**What this task involves**
Output exactly the lines of the listing below that run from the line with "De badkamer is" through the line with "Trompete ( Jörg". No pictures.

**Dataset content**
-- Opening Marker --

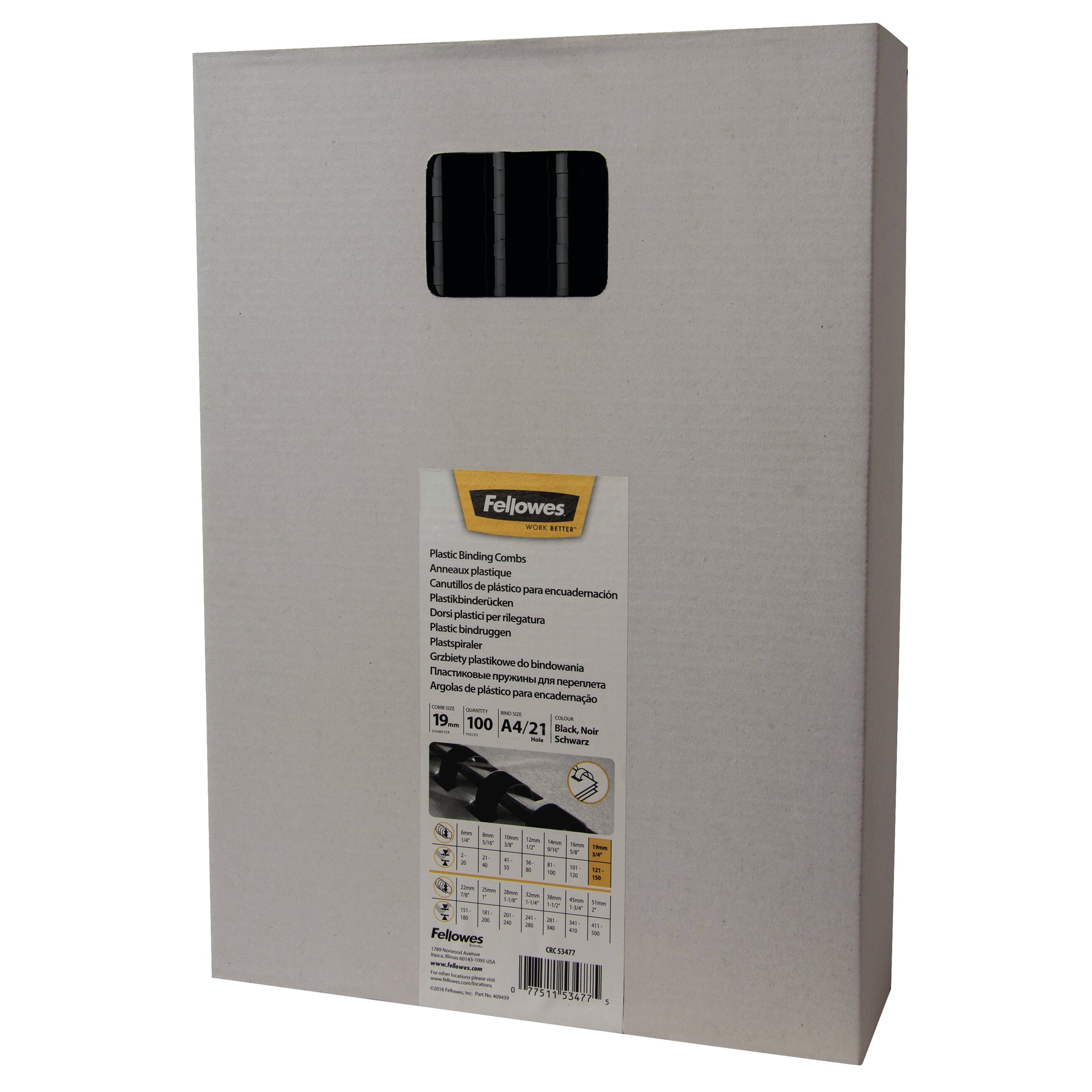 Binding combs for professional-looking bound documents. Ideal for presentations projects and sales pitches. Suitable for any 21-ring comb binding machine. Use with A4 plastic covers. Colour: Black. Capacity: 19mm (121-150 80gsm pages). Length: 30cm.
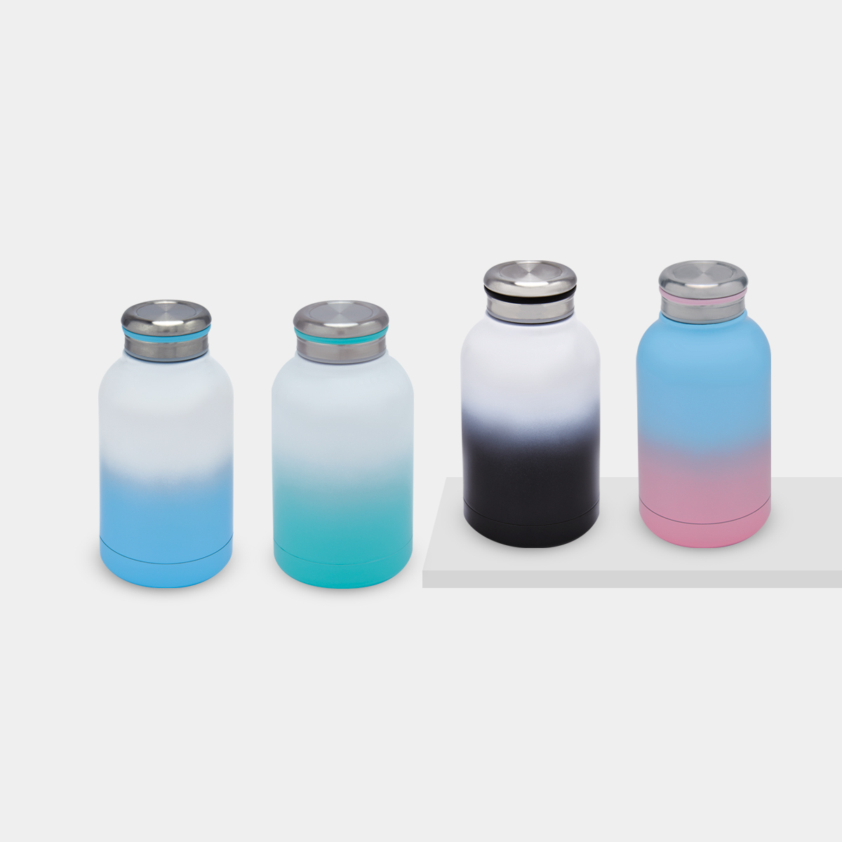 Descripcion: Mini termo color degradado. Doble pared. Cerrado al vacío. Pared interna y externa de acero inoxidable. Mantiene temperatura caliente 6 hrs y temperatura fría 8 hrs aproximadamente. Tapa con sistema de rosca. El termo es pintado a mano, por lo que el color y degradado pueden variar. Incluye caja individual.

-- Closing Marker --
-- Opening Marker --

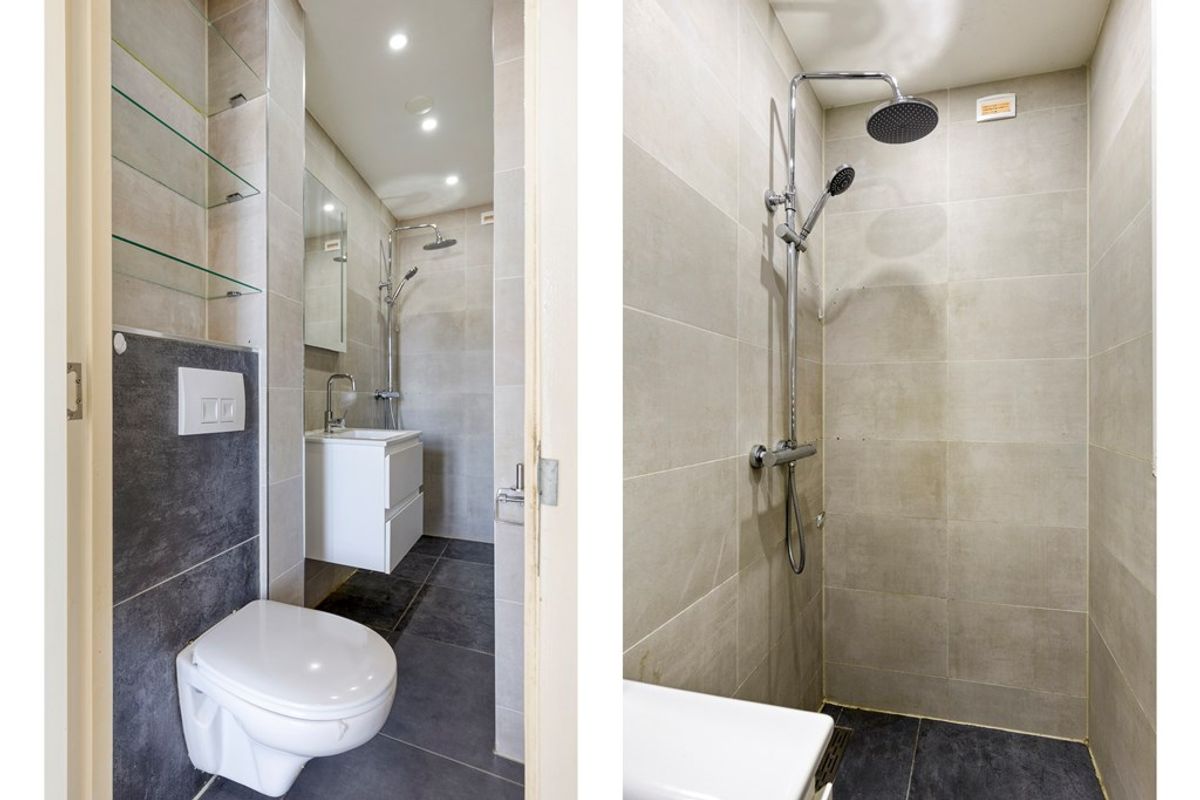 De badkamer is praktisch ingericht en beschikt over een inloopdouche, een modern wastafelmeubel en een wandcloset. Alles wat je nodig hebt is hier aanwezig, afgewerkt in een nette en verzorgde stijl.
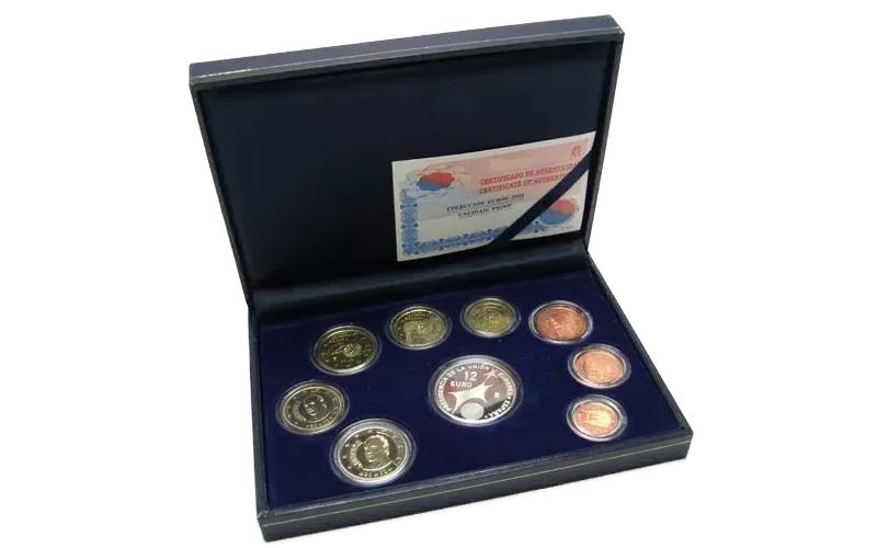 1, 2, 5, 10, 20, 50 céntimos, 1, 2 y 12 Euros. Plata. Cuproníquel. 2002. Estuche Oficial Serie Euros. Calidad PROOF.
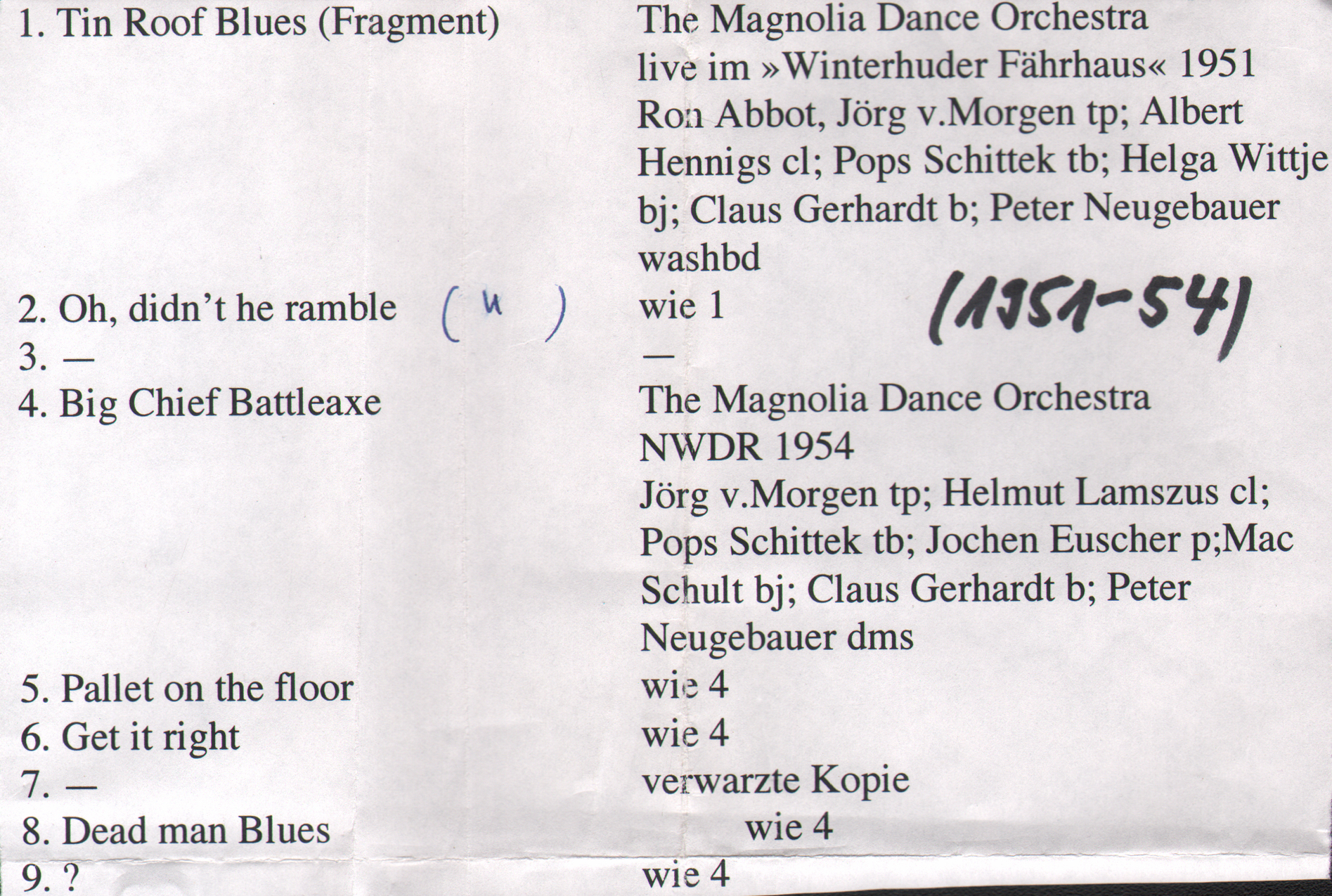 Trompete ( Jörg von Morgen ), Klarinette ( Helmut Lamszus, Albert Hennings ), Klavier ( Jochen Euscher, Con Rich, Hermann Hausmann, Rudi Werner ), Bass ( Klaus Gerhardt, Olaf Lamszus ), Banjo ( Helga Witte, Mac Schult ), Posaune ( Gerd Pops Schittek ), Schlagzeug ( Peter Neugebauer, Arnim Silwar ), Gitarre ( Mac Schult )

-- Closing Marker --

**Result below**
 De badkamer is praktisch ingericht en beschikt over een inloopdouche, een modern wastafelmeubel en een wandcloset. Alles wat je nodig hebt is hier aanwezig, afgewerkt in een nette en verzorgde stijl.
 1, 2, 5, 10, 20, 50 céntimos, 1, 2 y 12 Euros. Plata. Cuproníquel. 2002. Estuche Oficial Serie Euros. Calidad PROOF.
 Trompete ( Jörg von Morgen ), Klarinette ( Helmut Lamszus, Albert Hennings ), Klavier ( Jochen Euscher, Con Rich, Hermann Hausmann, Rudi Werner ), Bass ( Klaus Gerhardt, Olaf Lamszus ), Banjo ( Helga Witte, Mac Schult ), Posaune ( Gerd Pops Schittek ), Schlagzeug ( Peter Neugebauer, Arnim Silwar ), Gitarre ( Mac Schult )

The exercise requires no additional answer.